= YOUR OBJECTIVE =
The lines to return run from the start of the material below through the line holding "Al fine di mantenere", both included; please give them back exactly, minus the pictures.

[[ SUPPLIED INFORMATION, beginning ]]

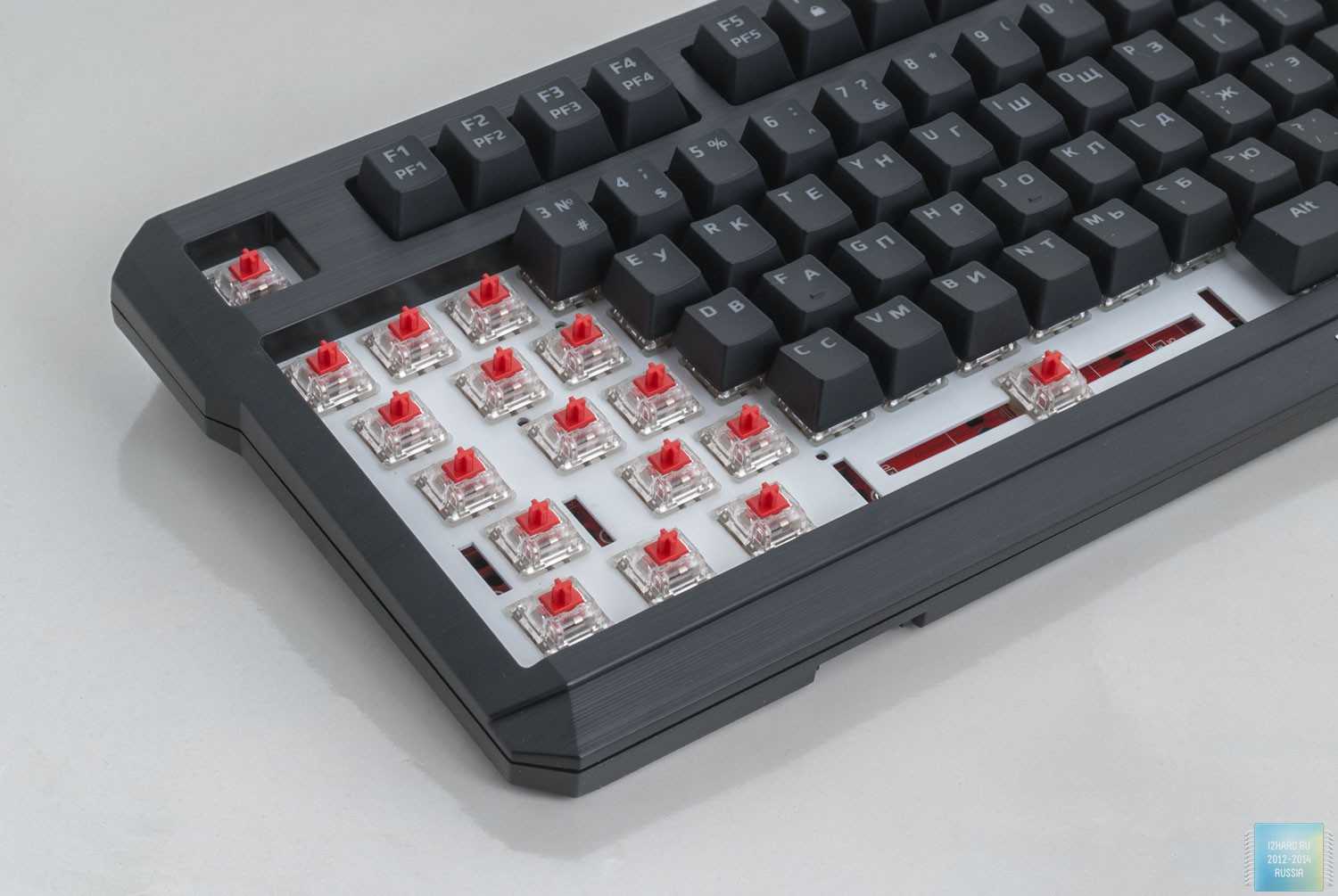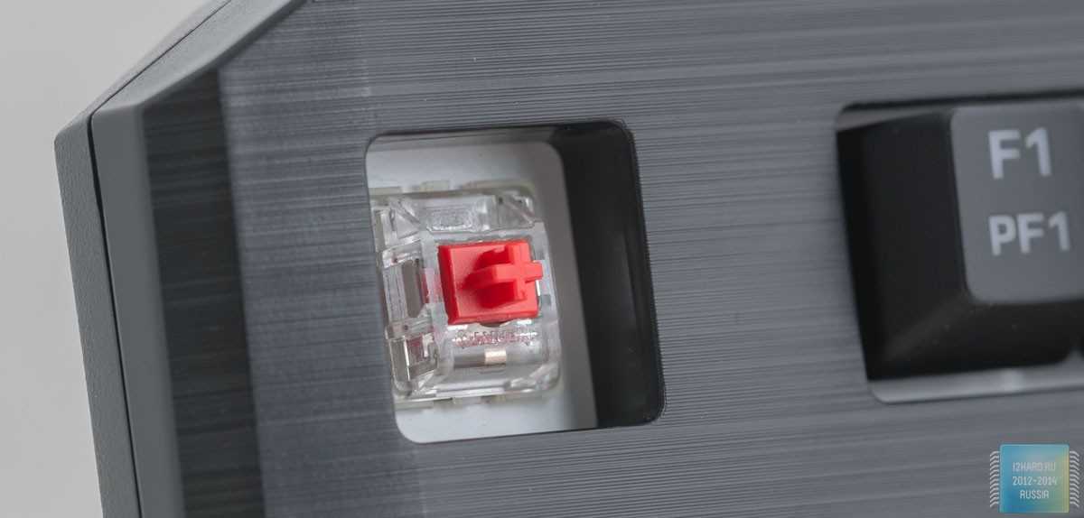 Вданной версии клавиатуры использованы переключатели Cherry MXRed, которые относятся клинейному типу итребуют наименьшую силу нажатия для срабатывания среди переключателей Cherry— 45г. Нажатия легкие, без тактильного отклика ищелчка, переключатели относятся кклассу игровых.
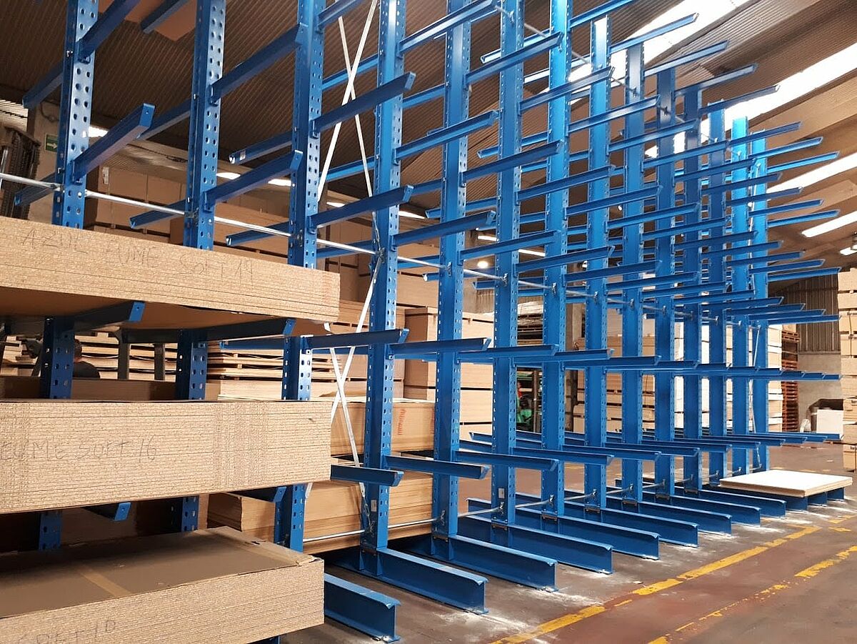 Al fine di mantenere il sempre crescente assortimento, disponibile anche in futuro velocemente, la Fabricados Reyna ha installato cantilever OHRA. Due file di 36,9 metri di lunghezza ciascuna e una fila di 45 metri. OHRA, azienda leader sul mercato europeo nella fornitura di scaffalature cantilever, assicura un'elevata capacità di carico con una struttura poco ingombrante grazie all'impiego di robusti profili in acciaio che costituiscono gli elementi portanti. Questo permette di avere uno spazio di stoccaggio compatto su una superficie ridotta. I nuovi cantilever bifacciali della Fabricados Reyna hanno una capacità di carico di 4.200 chilogrammi per lato di ogni singola colonna; ognuno dei bracci è regolabile in altezza è in grado di sostenere fino a 700 chilogrammi, con una lunghezza di 1.200 millimetri.
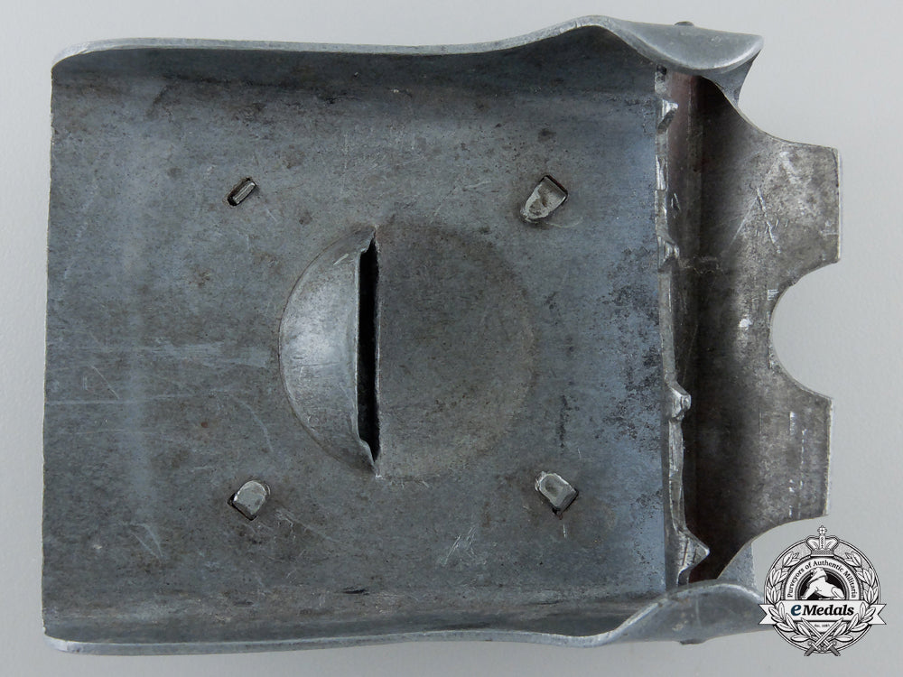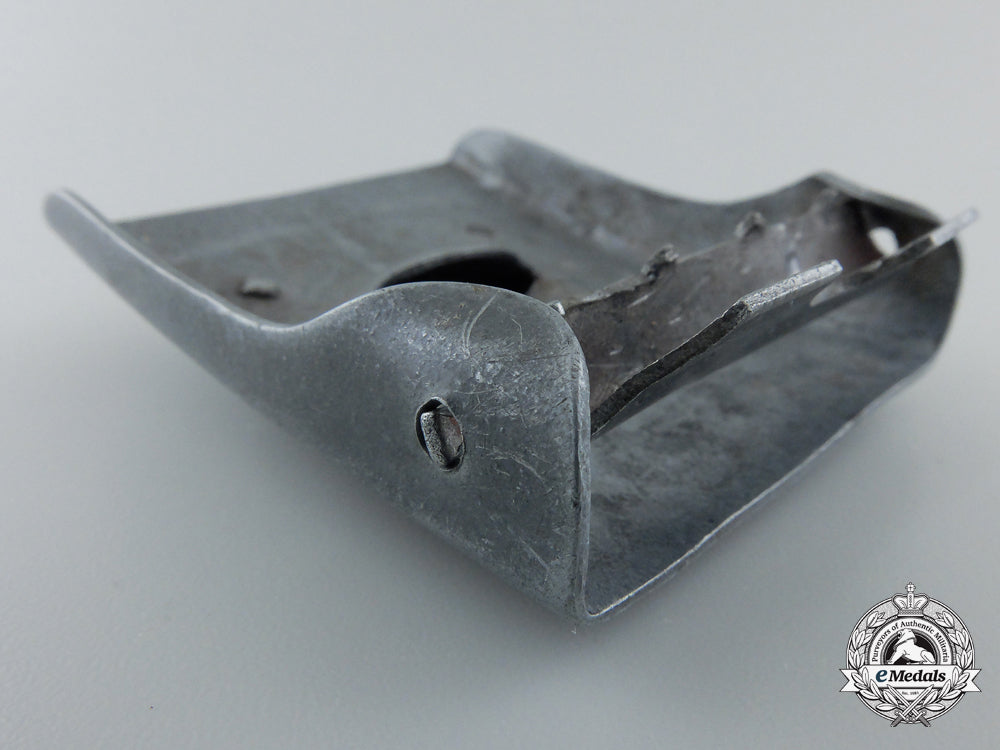 Two-piece construction, non-magnetic gray metal, unmarked, 51.3 mm x 64 mm, contact marks and surface wear, very fine. The Nationale Jeugdstorm (NJS) was a Dutch youth organization established in 1930s and active during the Second World War. This movement was inspired by the German Hitler Youth, and played a similar political/social role, but on a much smaller scale.

[[ SUPPLIED INFORMATION, end ]]

= WRITTEN SOLUTION =
 Вданной версии клавиатуры использованы переключатели Cherry MXRed, которые относятся клинейному типу итребуют наименьшую силу нажатия для срабатывания среди переключателей Cherry— 45г. Нажатия легкие, без тактильного отклика ищелчка, переключатели относятся кклассу игровых.
 Al fine di mantenere il sempre crescente assortimento, disponibile anche in futuro velocemente, la Fabricados Reyna ha installato cantilever OHRA. Due file di 36,9 metri di lunghezza ciascuna e una fila di 45 metri. OHRA, azienda leader sul mercato europeo nella fornitura di scaffalature cantilever, assicura un'elevata capacità di carico con una struttura poco ingombrante grazie all'impiego di robusti profili in acciaio che costituiscono gli elementi portanti. Questo permette di avere uno spazio di stoccaggio compatto su una superficie ridotta. I nuovi cantilever bifacciali della Fabricados Reyna hanno una capacità di carico di 4.200 chilogrammi per lato di ogni singola colonna; ognuno dei bracci è regolabile in altezza è in grado di sostenere fino a 700 chilogrammi, con una lunghezza di 1.200 millimetri.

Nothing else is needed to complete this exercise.